Description of the task: Give back each entry exactly as written, apart from the pictures.
▬▬▬
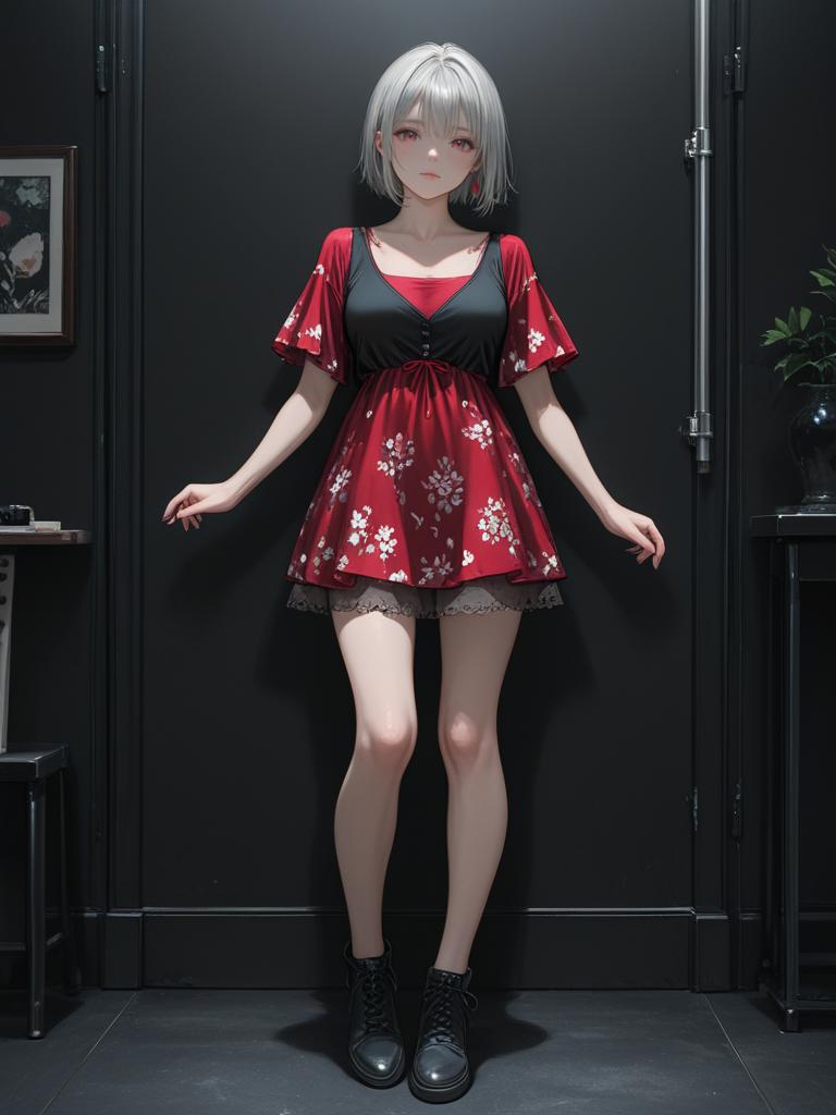 1girl, realistic face, full body shot, Woman, casual chic, fitted short-sleeve bodysuit with a floral pattern in red, black, and gray tones, scoop neckline, brief-cut leg opening, paired with no visible accessories, studio background with a gradient from dark to light gray.
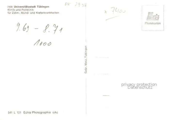 Tuebingen Zahn Poliklinik Tuebingen postalisch nicht gelaufen 1969 Erhaltung siehe scans [KathaD81] Kathoren
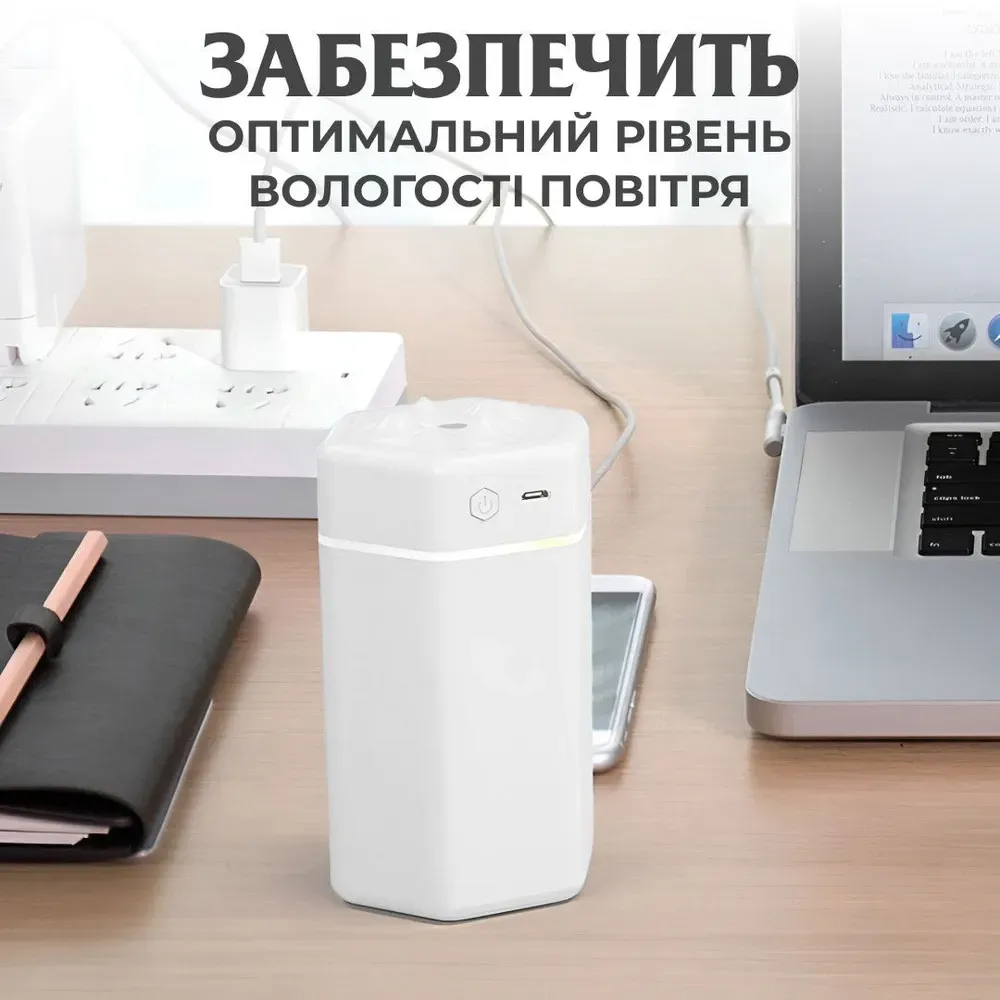Цей маленький зволожувач не тільки забезпечує ваш простір зволоженим повітрям, а й слугує джерелом світла, створюючи спокійну обстановку для гарного нічного сну. Можливість видимого ультразвукового прохолодного туману робить його ідеальним для використання в будь-якому місці, де вам потрібна додаткова вологість і затишок.
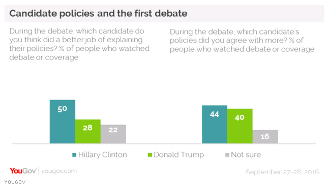 A majority, 56 percent, said that Clinton displayed a presidential temperament during the debate. Just 34 percent said the same of Trump, who claimed during the debate that his temperament was his “strongest asset.” Clinton led on laying out her positions, with half of those polled saying she did a better job of explaining her policies, 28 percent naming Trump, and 22 percent unsure. But asked which candidate’s policies they most agreed with, respondents sided with her by a far narrower margin, giving her 44 percent to Trump’s 40 percent.
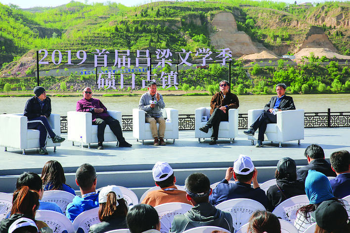 呂梁文學(xué)季,那是一個盛會,厚重古樸的文學(xué)和厚重古樸的磧口聯(lián)姻,讓人突然明白,從今天起,文學(xué)要從這里出發(fā)。不禁想起古人崔炳文的詩句“物阜民豐小都會,河聲岳色大文章”,感佩古賢的如此先見。遠流湫水,近淌黃河,今天,當(dāng)詩人面河而詠,巧了,主持人就叫歐陽江河?!疤烊缢v浪,磧遠有高峰”,詩人剛剛詠出,黃河遠處的皮艇上便傳來一青年的高歌,“峰高有遠磧,浪騰水如天”,又是一巧,巧的不單是詩的回文,更巧在詩人與船夫的呼應(yīng)。詩人,黃河,磧口,船夫,幾個字詞在陽光下格外亮麗,回頭望去,古街上的明磚清瓦回射出默默的凝重。
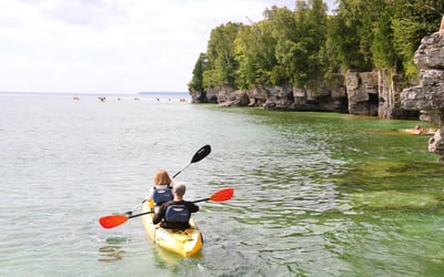 Paddle along Lake Michigan's rugged shore to explore hidden caves and coves with expert guides.
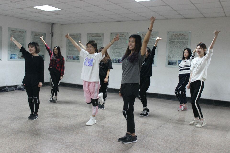 “珠缨旋转星宿摇,花蔓振作龙蛇动”,回旋、下叉、托举、滑步每一个动作干净利落。啦啦操队员们严格对待每次练习,她们用完美的舞姿展现着人文学院学子的风采,用刻苦的训练表达着她们对校运会的热情和期待,用燃烧的激情寄托着对运动健儿的期望。
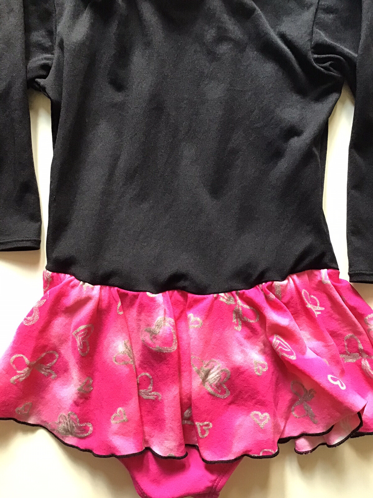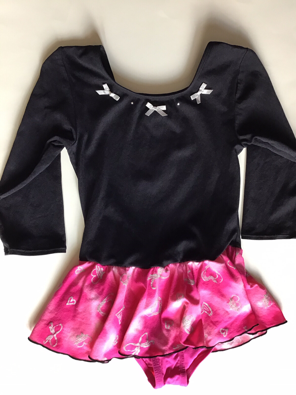 Girls Large 12/14 Jacques Moret Leotard Skirted Ballet Quarter Sleeve Black Pink
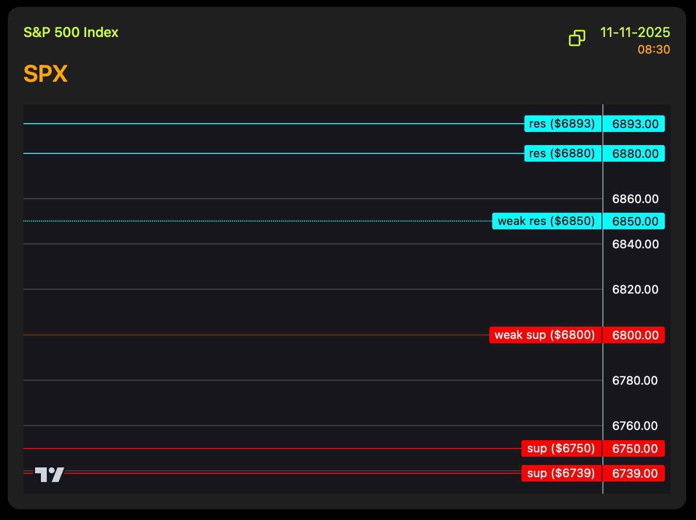 The $SPX had a chance to go and test 6750 in yesterday’s session, but a heavy flow shift from bearish (which led to the early selling) to bullish brought it back above 6800 in a rebound for stocks, including the Mag7.
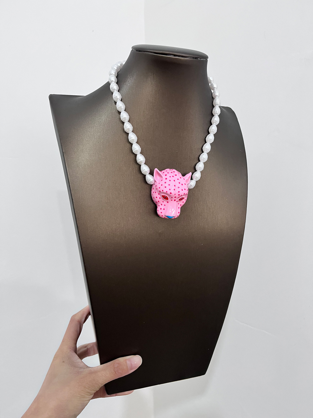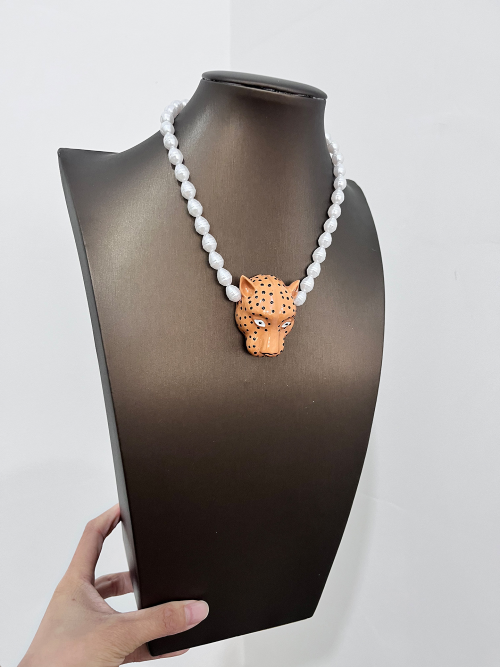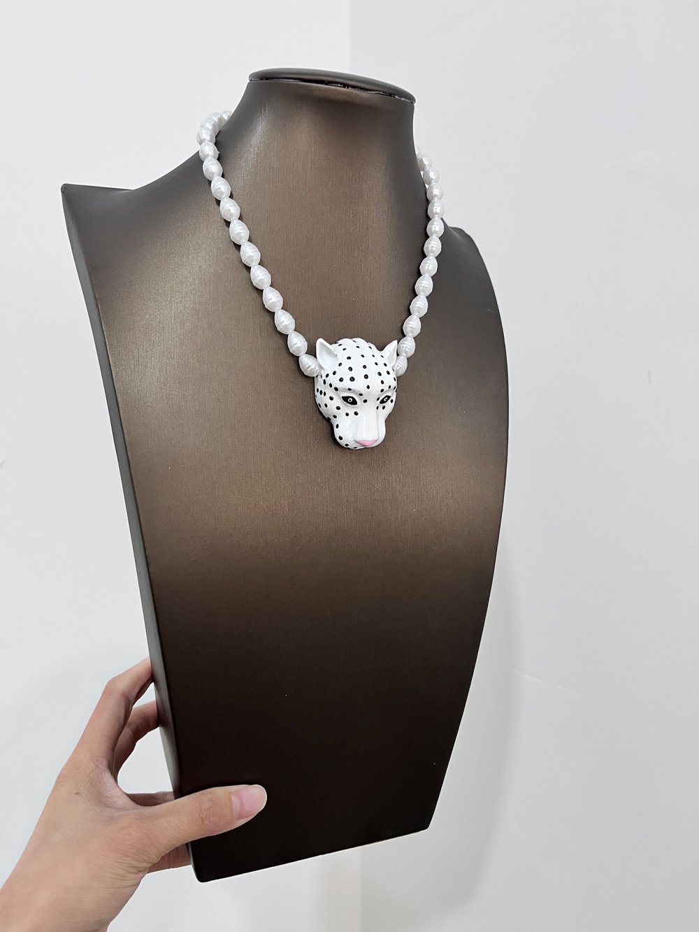 Leopard Head Pendant Necklace Pearl Unique Neck Accessory for Women
▬▬▬
The completed task:
 1girl, realistic face, full body shot, Woman, casual chic, fitted short-sleeve bodysuit with a floral pattern in red, black, and gray tones, scoop neckline, brief-cut leg opening, paired with no visible accessories, studio background with a gradient from dark to light gray.
 Tuebingen Zahn Poliklinik Tuebingen postalisch nicht gelaufen 1969 Erhaltung siehe scans [KathaD81] Kathoren
Цей маленький зволожувач не тільки забезпечує ваш простір зволоженим повітрям, а й слугує джерелом світла, створюючи спокійну обстановку для гарного нічного сну. Можливість видимого ультразвукового прохолодного туману робить його ідеальним для використання в будь-якому місці, де вам потрібна додаткова вологість і затишок.
 A majority, 56 percent, said that Clinton displayed a presidential temperament during the debate. Just 34 percent said the same of Trump, who claimed during the debate that his temperament was his “strongest asset.” Clinton led on laying out her positions, with half of those polled saying she did a better job of explaining her policies, 28 percent naming Trump, and 22 percent unsure. But asked which candidate’s policies they most agreed with, respondents sided with her by a far narrower margin, giving her 44 percent to Trump’s 40 percent.
 呂梁文學(xué)季,那是一個盛會,厚重古樸的文學(xué)和厚重古樸的磧口聯(lián)姻,讓人突然明白,從今天起,文學(xué)要從這里出發(fā)。不禁想起古人崔炳文的詩句“物阜民豐小都會,河聲岳色大文章”,感佩古賢的如此先見。遠流湫水,近淌黃河,今天,當(dāng)詩人面河而詠,巧了,主持人就叫歐陽江河?!疤烊缢v浪,磧遠有高峰”,詩人剛剛詠出,黃河遠處的皮艇上便傳來一青年的高歌,“峰高有遠磧,浪騰水如天”,又是一巧,巧的不單是詩的回文,更巧在詩人與船夫的呼應(yīng)。詩人,黃河,磧口,船夫,幾個字詞在陽光下格外亮麗,回頭望去,古街上的明磚清瓦回射出默默的凝重。
 Paddle along Lake Michigan's rugged shore to explore hidden caves and coves with expert guides.
 “珠缨旋转星宿摇,花蔓振作龙蛇动”,回旋、下叉、托举、滑步每一个动作干净利落。啦啦操队员们严格对待每次练习,她们用完美的舞姿展现着人文学院学子的风采,用刻苦的训练表达着她们对校运会的热情和期待,用燃烧的激情寄托着对运动健儿的期望。
 Girls Large 12/14 Jacques Moret Leotard Skirted Ballet Quarter Sleeve Black Pink
 The $SPX had a chance to go and test 6750 in yesterday’s session, but a heavy flow shift from bearish (which led to the early selling) to bullish brought it back above 6800 in a rebound for stocks, including the Mag7.
 Leopard Head Pendant Necklace Pearl Unique Neck Accessory for Women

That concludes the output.